For instance, in 1954, the United States ruled segregation in public schools unconstitutional through the Brown v. Board of Education case. Malcolm X references Little Rock, Arkansas, where nine students sought to fight for their rights to attend school.

On September 4, 1957, Arkansas National Guard troops were sent around Central High School to prevent the entry of nine African American students into an all-white school, defying federal law. President Eisenhower federalized the Arkansas National Guard and used federal troops to uphold the law.

While this marked the day that ignited change within Arkansas' school system for African-American children, desegregation did not constitute equality.

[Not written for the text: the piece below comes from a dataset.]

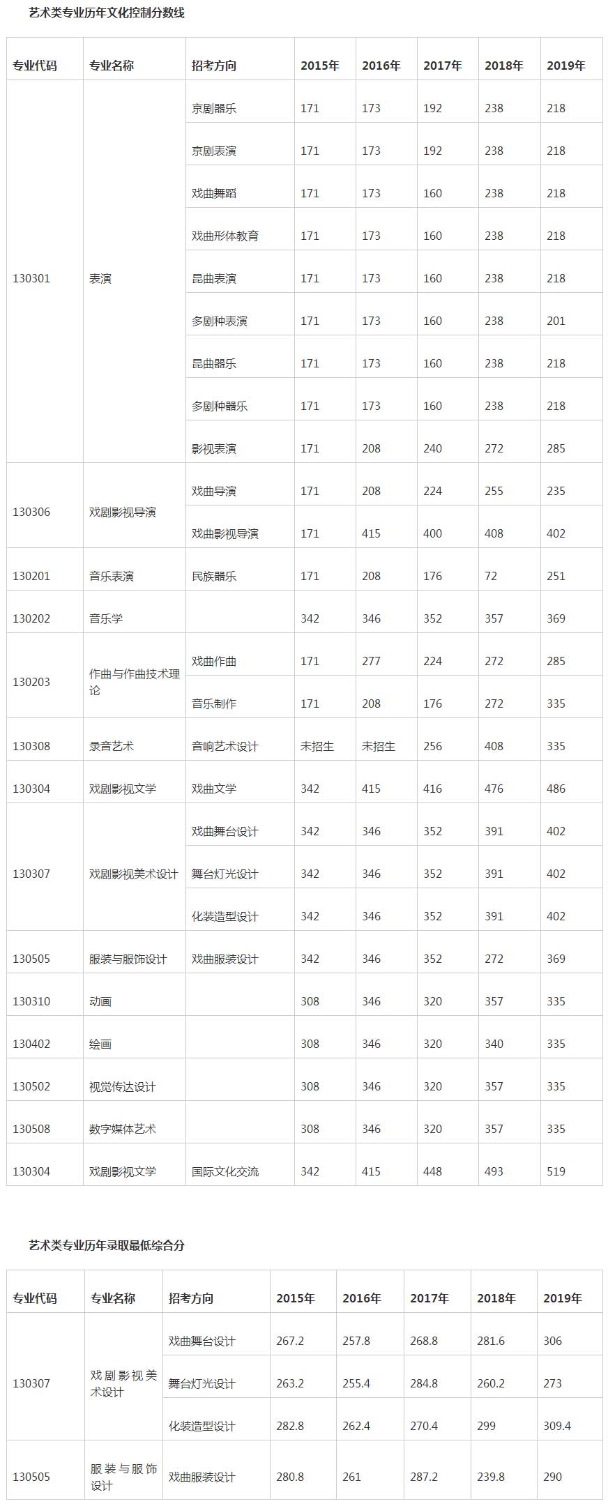 藝術(shù)類專業(yè)歷年文化控制分?jǐn)?shù)線

All nine of the students were brutally bullied by white students and this behavior was encouraged by the school's administration.

Malcolm X's example of Little Rock exemplifies how tokenism can be intended to create the impression of social inclusiveness and diversity without bringing about any significant changes to the inclusion of underrepresented groups.

== In psychology ==
In the field of psychology, the broader definition of tokenism is a situation in which a member of a distinctive category is treated differently from other people.

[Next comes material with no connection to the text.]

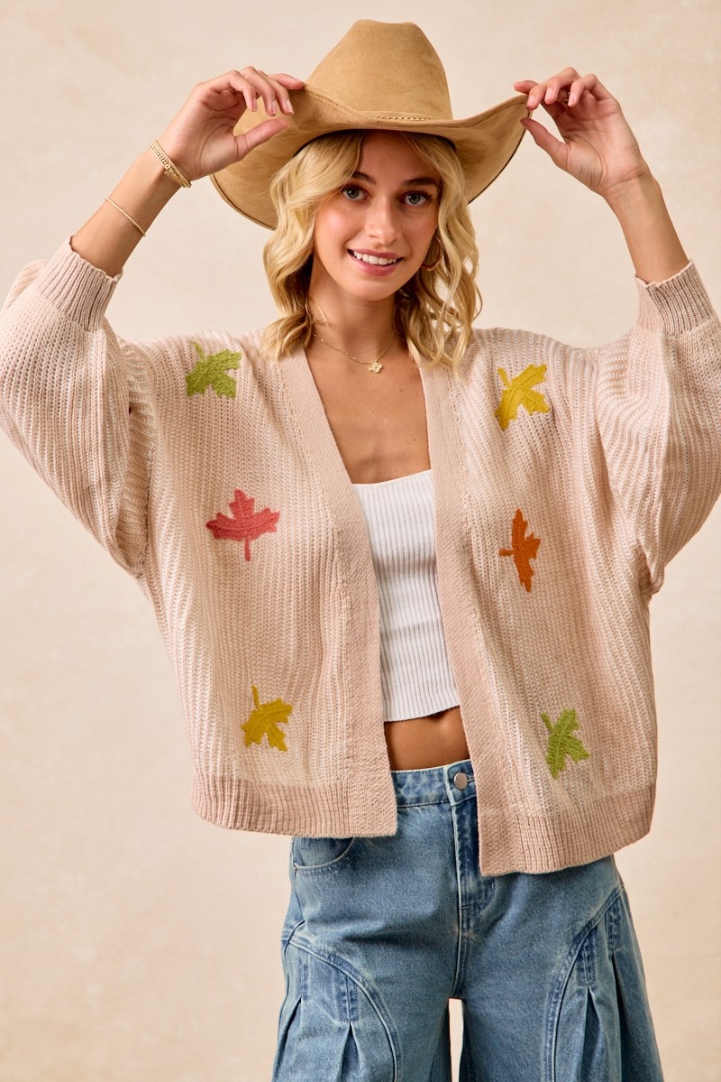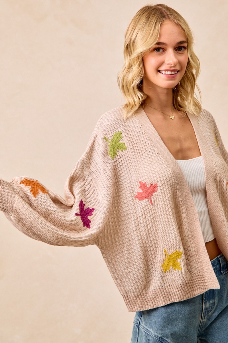 Embrace a touch of nature with this Two Tone Knit Cardigan featuring delightful leaf patches. The contrasting tones create a striking and stylish look. The leaf patches add a whimsical and organic element to the knit cardigan. Stay cozy and chic with this unique piece perfect for layering. Elevate your style with this trendy cardigan adorned with charming leaf details.

The characteristics that make the person of interest a token can be perceived as either a handicap or an advantage, as supported by Václav Linkov. In a positive light, these distinct people can be seen as experts in their racial/cultural category, valued skills, or a different perspective on a project. In contrast, tokenism is most often seen as a handicap due to the ostracism of a selected sample of a minority group.

Linkov also attributes drawbacks in psychology to Cultural and Numerical Tokenism, instances that have shifted where value of expertise is placed and its effect on proliferating information that is not representative of all the possible facts.

== In the workplace ==
A Harvard Business School professor, Rosabeth Moss Kanter, asserted back in 1977 that a token employee is usually part of a "socially-skewed group" of employees who belong to a minority group that constitutes less than 15% of the total employee population of the workplace.

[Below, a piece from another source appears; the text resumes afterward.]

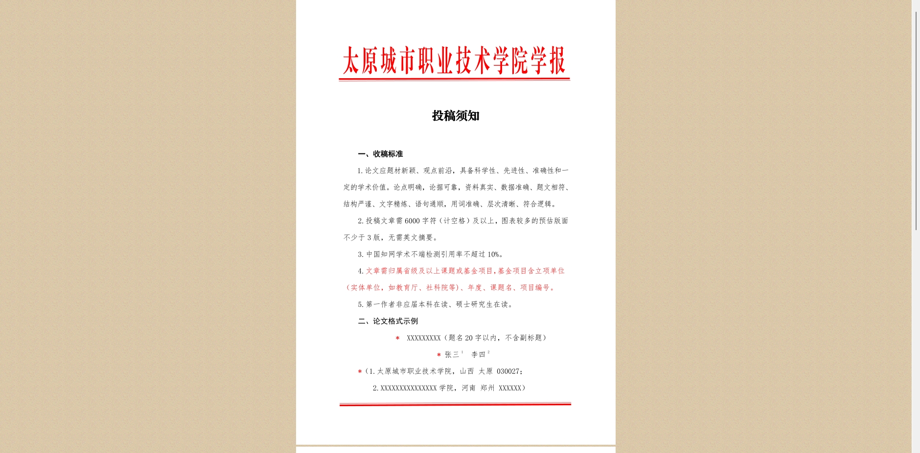 太原城市职业技术学院学报编辑部 郭非:0351-5633033 13643612981。

By definition, token employees in a workplace are known to be few; hence, their alleged high visibility among the staff subjects them to greater pressure to perform their work at higher production standards of quality and volume and to behave in the expected, stereotypical manner.

Given the smallness of the group of token employees in a workplace, the individual identity of each token person is usually disrespected by the dominant group, who apply a stereotype role to them as a means of social control in the workplace.

In order to avoid tokenism within the workplace, diversity and inclusion must be integrated to foster an environment where people feel connected and included. Employees must be hired on the basis of their capabilities rather than their gender, ethnicity, race, and sexuality.

Tokenism can also have an impact on mental health in the workplace. According to one study, racial minorities also experience heightened performance pressures related to their race and gender; however, many reported that racial problems were more common than gender problems.

Being a token makes one appear more visible within the workplace, placing more scrutiny and pressure for them to represent an entire group. Anxiety, stress, exhaustion, guilt, shame and burnout can arise from overworking in efforts to become a good representative of their identity group.

In professor Kanter's work on tokenism and gender, she found that the problems experienced by women in typically male-dominated occupations were due solely to the skewed proportions of men and women in these occupations.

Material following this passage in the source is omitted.